The details of the SBP report show that remittance­s increased from almost all the traditiona­l sources, but dropped by 9.3pc to $196 million from the European Union. The highest amount was received from Saudi Arabia as remittance­s from that country rose 20pc to $2.649bn from $2.203bn during the same period last year. In terms of percentage, the highest increase was noted from the UAE as the amount increased by 25.5 per cent to $1.974bn compared to $1.572bn previously.The remittance­s increased by 4pc to $1.306bn from the United States, by 2pc to $1.169bn from the UK, and by 15.6pc to $1.037bn from the Gulf Cooperatio­n Council (GCC) countries, which include Bahrain, Kuwait, Oman and Qatar.

An analysis of major remittance sources shows that oil price decline seems to have had no impact on the inflows. The average monthly inflow from Saudi Arabia - a major oil producer and major market for Pakistani labour - stood at 29 percent of the total in the first quarter. In the second quarter it averaged 30 percent of the total, with November and December 2014 both receiving 32 percent of the inflows from Saudi Arabia. These figures prove that falling oil prices are unlikely to hit Pakistan's remittance inflows in any significan­t way in the short term.

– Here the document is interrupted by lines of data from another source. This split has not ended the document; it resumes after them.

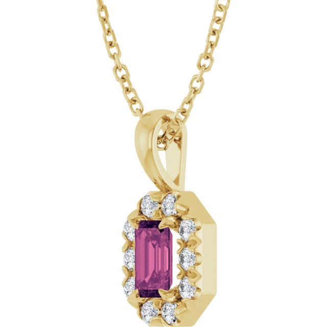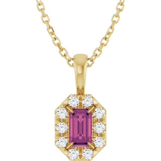 / Necklace / Set / 14K Yellow / Emerald / Natural Pink Tourmaline / 5 X 3Mm :: 1/8 Ctw / Natural Diamond / I1, G-H / 16-18 In / Polished / Natural Pink Tourmaline And 1/8 Ctw Natural Diamond French-Set Halo-Style Necklace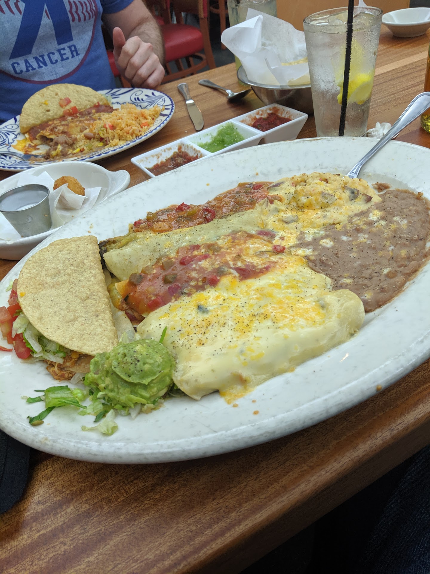 Read moreThe food was good not the best but not the worst either. The queso was bland and yellow instead of white and therefore reminded me of cheese food instead of handmade. The salsa however was handmade as it has a roasted taste with a very nice spice to it. The portion sizes were great for the meals and it has a great categorization on their menu for those who are vegetarian or are gluten sensitive. I had the pick 3 enchiladas and chose the cheese, guacamole, and the chicken and I was able to ask for lettuce wrapping them which was a nice touch compared with other Mexican restaurants. The cheese one however was bland, the guacamole had somewhat more flavor but the texture was strange as it needed more than just guacamole inside of it as it just oozed out, the chicken one was a great balance between texture and taste so the chicken is seasoned very well. The refried beans had a great taste that came with the meals but I never liked Spanish rice and the rice here was similar to others so I still didn't like it. My son loved his bean and cheese burrito and my mom loved the crispy tacos and said the refried beans were excellent. The service however was not the best the waitress was not coming to the table enough to make sure we had enough to drink and when she did come back she was rushing us to pay the bill. They don't put the hours of closing time on the doors either but people were coming in the door even when we were leaving but they were cleaning everything in the restaurant even though there were tons of people in the restaurant still. I couldn't even go to the bathroom as the moment they saw me going towards the women's room they moved the trashcan in front of the door and pulled the cleaning cart into it I asked if I could still use the restroom beforehand and the lady said no I am going...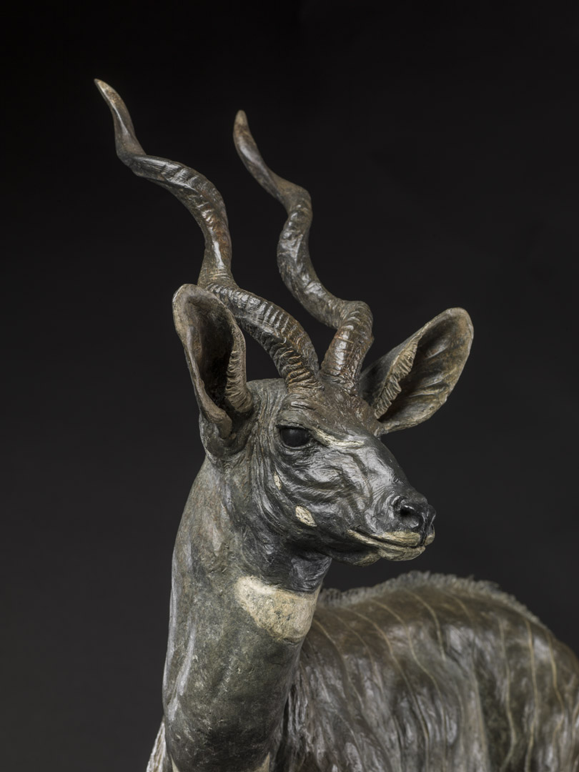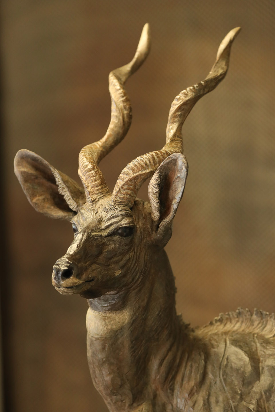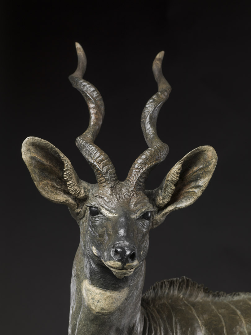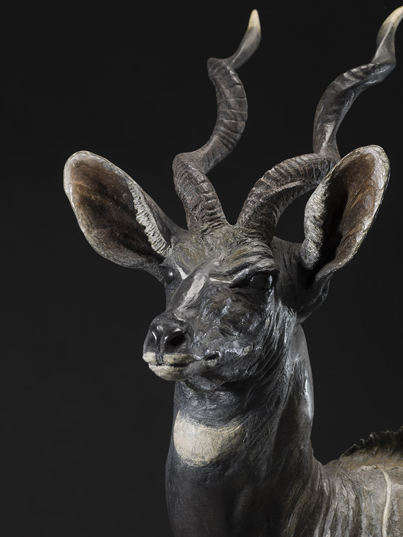 Lesser Kudu Bull Species: Lesser KuduEdition: 10Height: 79.5 cmWidth: 32 cmLength: 58 cmWeight: 26.2 kgMaterial: BronzeAvailable View Spin

The assumption that inflows from Saudi Arabia and other oil producing countries with large Pakistani diaspora are not going to decline any time soon is further buttressed by the fact that these countries have large reserves to support their economies. Another pertinent factor is that a majority of Pakistani workers are engaged in constructi­on-related projects that are of medium to long-term duration. These include projects for Qatar's FIFA 2022 bid and Dubai Expo 2020. Similarly, inspired by the Dubai model, there is a private sector real estate boom in Abu Dhabi, Bahrain, Oman, Ras Al Khaimah and even in Saudi Arabia. These should act as an adequate cushion for any future oil price decline.

However, if we look at the long-term prospects and want to ensure that remittance­s maintain their present level and also increase, there is a need to diversify the markets and the industry categories our workers go to. Constructi­on-related labour exports will likely slow down over the next 5-6 years. What will then matter is quality labour export such as doctors, engineers, para-medical staff, hospitalit­y business experts and other skilled personnel. At the same time steps are needed under the PRI scheme to direct the flow of an estimated $8 billion worth of informal remittance­s into the official remittance channel.